§ **EXERCISE DIRECTIONS**
A complete answer retypes each of the records below precisely and includes none of the pictures.

Stored entries
+===+

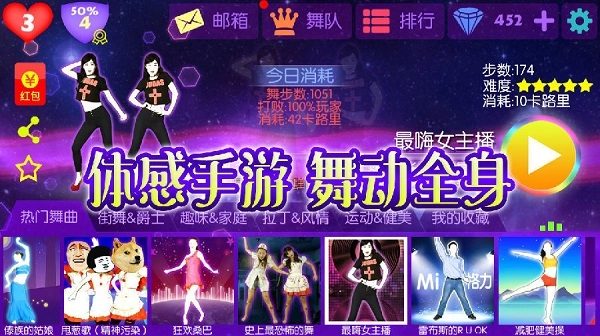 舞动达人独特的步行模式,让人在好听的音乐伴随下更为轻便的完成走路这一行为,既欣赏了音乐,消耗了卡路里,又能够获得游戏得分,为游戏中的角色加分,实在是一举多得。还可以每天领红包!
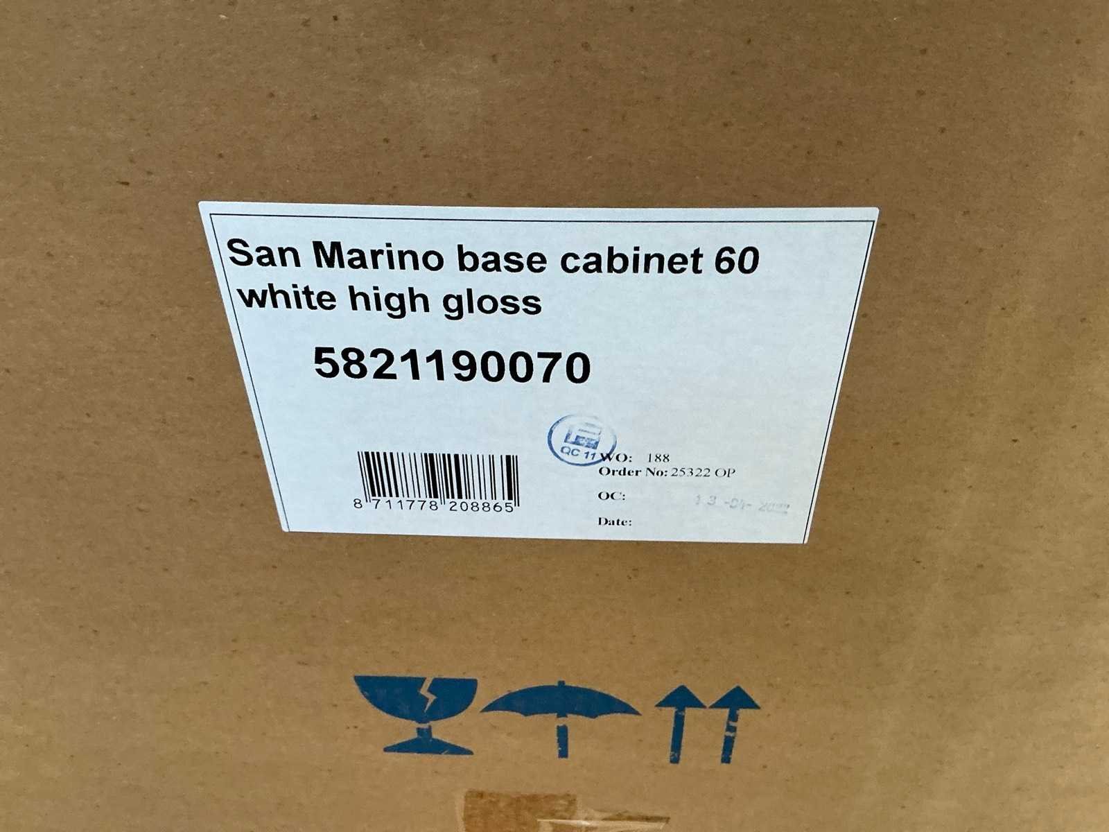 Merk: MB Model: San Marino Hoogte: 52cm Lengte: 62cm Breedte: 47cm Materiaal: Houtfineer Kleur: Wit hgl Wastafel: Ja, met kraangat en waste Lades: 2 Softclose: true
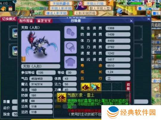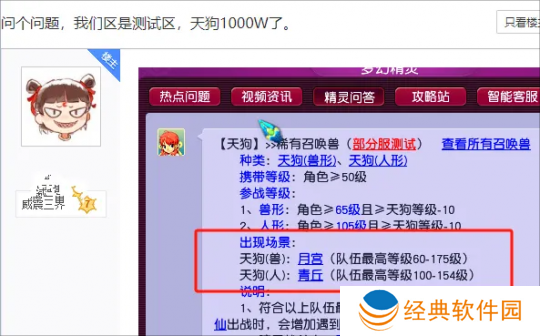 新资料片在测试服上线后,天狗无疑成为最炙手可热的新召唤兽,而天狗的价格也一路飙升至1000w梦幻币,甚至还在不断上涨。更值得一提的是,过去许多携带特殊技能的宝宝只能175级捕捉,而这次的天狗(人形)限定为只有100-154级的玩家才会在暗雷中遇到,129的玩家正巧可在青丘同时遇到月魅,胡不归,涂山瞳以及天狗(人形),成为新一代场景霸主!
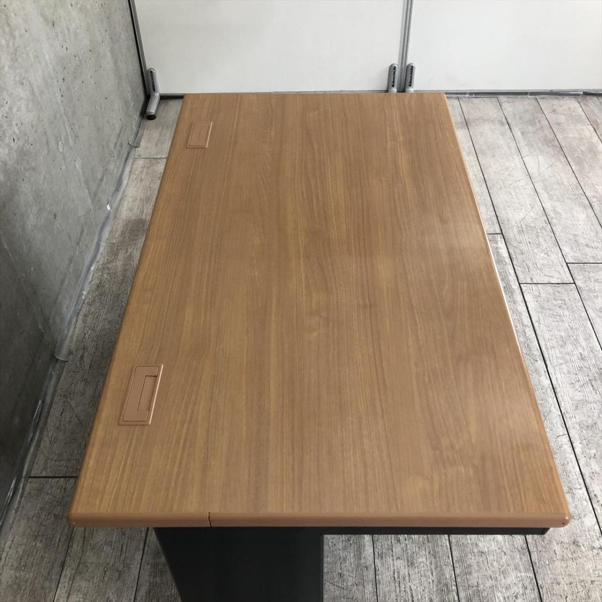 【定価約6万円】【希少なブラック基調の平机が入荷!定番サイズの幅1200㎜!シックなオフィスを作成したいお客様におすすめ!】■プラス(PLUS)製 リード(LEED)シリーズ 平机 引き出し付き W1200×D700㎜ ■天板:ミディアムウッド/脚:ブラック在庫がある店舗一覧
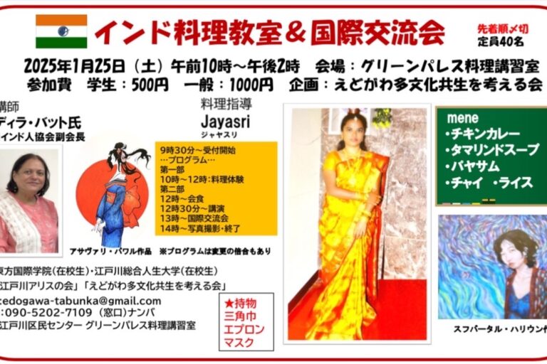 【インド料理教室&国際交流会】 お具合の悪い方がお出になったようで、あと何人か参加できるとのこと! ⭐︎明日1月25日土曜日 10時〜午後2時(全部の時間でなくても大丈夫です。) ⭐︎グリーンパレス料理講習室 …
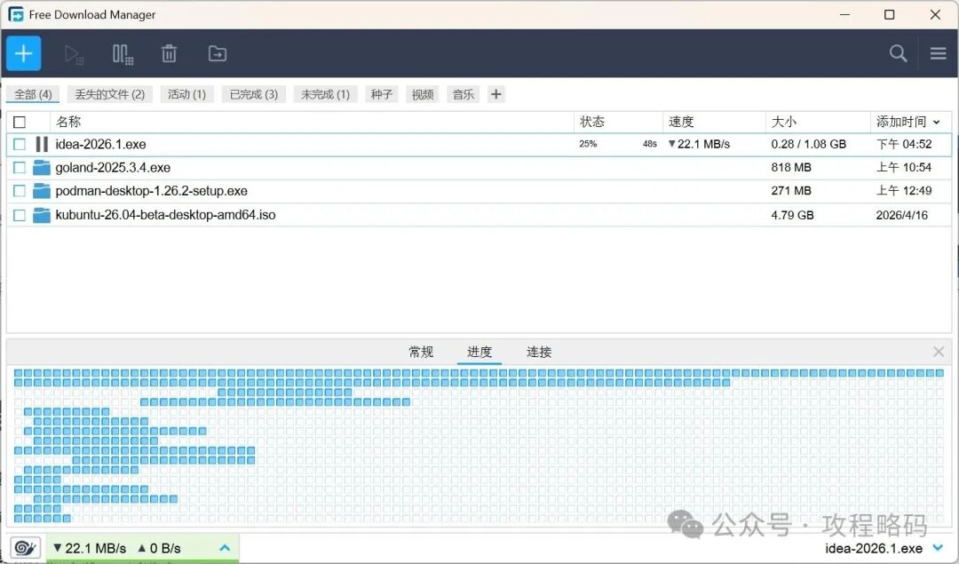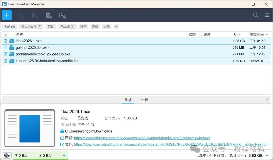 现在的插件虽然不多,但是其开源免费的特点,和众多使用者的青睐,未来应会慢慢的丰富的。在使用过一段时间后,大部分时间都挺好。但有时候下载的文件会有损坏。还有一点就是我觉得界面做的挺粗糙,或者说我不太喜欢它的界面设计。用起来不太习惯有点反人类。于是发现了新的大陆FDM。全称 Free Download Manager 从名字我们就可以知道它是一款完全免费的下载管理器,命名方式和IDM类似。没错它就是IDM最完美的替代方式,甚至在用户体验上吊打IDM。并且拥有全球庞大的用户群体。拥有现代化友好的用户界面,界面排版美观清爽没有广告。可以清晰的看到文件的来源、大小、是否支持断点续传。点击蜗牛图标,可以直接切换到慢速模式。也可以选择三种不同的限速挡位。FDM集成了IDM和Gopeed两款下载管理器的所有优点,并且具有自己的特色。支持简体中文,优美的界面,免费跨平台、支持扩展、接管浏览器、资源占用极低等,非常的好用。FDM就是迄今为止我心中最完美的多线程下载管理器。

+===+

§ **ANSWER TO THIS PROBLEM**
 舞动达人独特的步行模式,让人在好听的音乐伴随下更为轻便的完成走路这一行为,既欣赏了音乐,消耗了卡路里,又能够获得游戏得分,为游戏中的角色加分,实在是一举多得。还可以每天领红包!
 Merk: MB Model: San Marino Hoogte: 52cm Lengte: 62cm Breedte: 47cm Materiaal: Houtfineer Kleur: Wit hgl Wastafel: Ja, met kraangat en waste Lades: 2 Softclose: true
 新资料片在测试服上线后,天狗无疑成为最炙手可热的新召唤兽,而天狗的价格也一路飙升至1000w梦幻币,甚至还在不断上涨。更值得一提的是,过去许多携带特殊技能的宝宝只能175级捕捉,而这次的天狗(人形)限定为只有100-154级的玩家才会在暗雷中遇到,129的玩家正巧可在青丘同时遇到月魅,胡不归,涂山瞳以及天狗(人形),成为新一代场景霸主!
 【定価約6万円】【希少なブラック基調の平机が入荷!定番サイズの幅1200㎜!シックなオフィスを作成したいお客様におすすめ!】■プラス(PLUS)製 リード(LEED)シリーズ 平机 引き出し付き W1200×D700㎜ ■天板:ミディアムウッド/脚:ブラック在庫がある店舗一覧
 【インド料理教室&国際交流会】 お具合の悪い方がお出になったようで、あと何人か参加できるとのこと! ⭐︎明日1月25日土曜日 10時〜午後2時(全部の時間でなくても大丈夫です。) ⭐︎グリーンパレス料理講習室 …
 现在的插件虽然不多,但是其开源免费的特点,和众多使用者的青睐,未来应会慢慢的丰富的。在使用过一段时间后,大部分时间都挺好。但有时候下载的文件会有损坏。还有一点就是我觉得界面做的挺粗糙,或者说我不太喜欢它的界面设计。用起来不太习惯有点反人类。于是发现了新的大陆FDM。全称 Free Download Manager 从名字我们就可以知道它是一款完全免费的下载管理器,命名方式和IDM类似。没错它就是IDM最完美的替代方式,甚至在用户体验上吊打IDM。并且拥有全球庞大的用户群体。拥有现代化友好的用户界面,界面排版美观清爽没有广告。可以清晰的看到文件的来源、大小、是否支持断点续传。点击蜗牛图标,可以直接切换到慢速模式。也可以选择三种不同的限速挡位。FDM集成了IDM和Gopeed两款下载管理器的所有优点,并且具有自己的特色。支持简体中文,优美的界面,免费跨平台、支持扩展、接管浏览器、资源占用极低等,非常的好用。FDM就是迄今为止我心中最完美的多线程下载管理器。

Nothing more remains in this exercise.